- **Task description**
A single stretch of the material below is to be transcribed exactly, starting at the line with "The second chart" and ending after the line with "Deleting the EGR".

- **The data**
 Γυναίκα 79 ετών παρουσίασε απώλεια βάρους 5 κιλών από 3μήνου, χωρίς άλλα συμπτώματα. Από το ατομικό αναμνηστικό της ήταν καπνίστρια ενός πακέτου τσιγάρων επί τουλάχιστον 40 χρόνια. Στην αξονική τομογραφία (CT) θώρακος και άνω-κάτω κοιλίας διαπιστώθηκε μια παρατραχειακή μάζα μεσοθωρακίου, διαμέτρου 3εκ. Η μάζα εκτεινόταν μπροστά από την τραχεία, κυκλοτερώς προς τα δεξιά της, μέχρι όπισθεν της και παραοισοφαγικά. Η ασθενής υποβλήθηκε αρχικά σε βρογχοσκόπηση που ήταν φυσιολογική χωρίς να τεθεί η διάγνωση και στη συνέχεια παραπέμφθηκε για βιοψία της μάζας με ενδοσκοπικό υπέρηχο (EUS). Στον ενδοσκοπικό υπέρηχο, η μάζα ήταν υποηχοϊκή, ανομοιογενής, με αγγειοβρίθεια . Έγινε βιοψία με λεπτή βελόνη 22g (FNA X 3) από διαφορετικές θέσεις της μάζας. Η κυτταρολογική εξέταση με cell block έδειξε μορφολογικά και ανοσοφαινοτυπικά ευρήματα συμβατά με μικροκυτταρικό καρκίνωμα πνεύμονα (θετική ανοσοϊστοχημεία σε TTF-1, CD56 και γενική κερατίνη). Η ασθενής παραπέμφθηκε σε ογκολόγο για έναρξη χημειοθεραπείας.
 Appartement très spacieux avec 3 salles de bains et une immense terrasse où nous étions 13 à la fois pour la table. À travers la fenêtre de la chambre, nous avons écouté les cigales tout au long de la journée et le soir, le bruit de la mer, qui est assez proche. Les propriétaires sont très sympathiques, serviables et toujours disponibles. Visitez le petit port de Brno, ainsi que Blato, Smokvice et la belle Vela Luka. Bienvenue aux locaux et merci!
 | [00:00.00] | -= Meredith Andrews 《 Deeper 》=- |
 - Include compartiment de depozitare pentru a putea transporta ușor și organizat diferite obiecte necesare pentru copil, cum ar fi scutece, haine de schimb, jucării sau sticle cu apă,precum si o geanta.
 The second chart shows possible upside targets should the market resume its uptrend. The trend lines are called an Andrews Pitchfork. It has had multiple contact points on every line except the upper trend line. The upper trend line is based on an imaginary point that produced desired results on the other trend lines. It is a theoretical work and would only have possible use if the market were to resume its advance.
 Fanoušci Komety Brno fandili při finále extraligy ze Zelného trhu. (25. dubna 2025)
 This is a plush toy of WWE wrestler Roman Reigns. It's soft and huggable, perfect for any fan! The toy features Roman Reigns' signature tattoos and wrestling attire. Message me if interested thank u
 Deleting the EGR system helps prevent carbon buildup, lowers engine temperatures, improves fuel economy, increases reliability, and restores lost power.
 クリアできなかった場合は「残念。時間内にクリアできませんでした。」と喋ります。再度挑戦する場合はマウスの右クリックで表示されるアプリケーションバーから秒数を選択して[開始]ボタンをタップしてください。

- **Written answer**
 The second chart shows possible upside targets should the market resume its uptrend. The trend lines are called an Andrews Pitchfork. It has had multiple contact points on every line except the upper trend line. The upper trend line is based on an imaginary point that produced desired results on the other trend lines. It is a theoretical work and would only have possible use if the market were to resume its advance.
 Fanoušci Komety Brno fandili při finále extraligy ze Zelného trhu. (25. dubna 2025)
 This is a plush toy of WWE wrestler Roman Reigns. It's soft and huggable, perfect for any fan! The toy features Roman Reigns' signature tattoos and wrestling attire. Message me if interested thank u
 Deleting the EGR system helps prevent carbon buildup, lowers engine temperatures, improves fuel economy, increases reliability, and restores lost power.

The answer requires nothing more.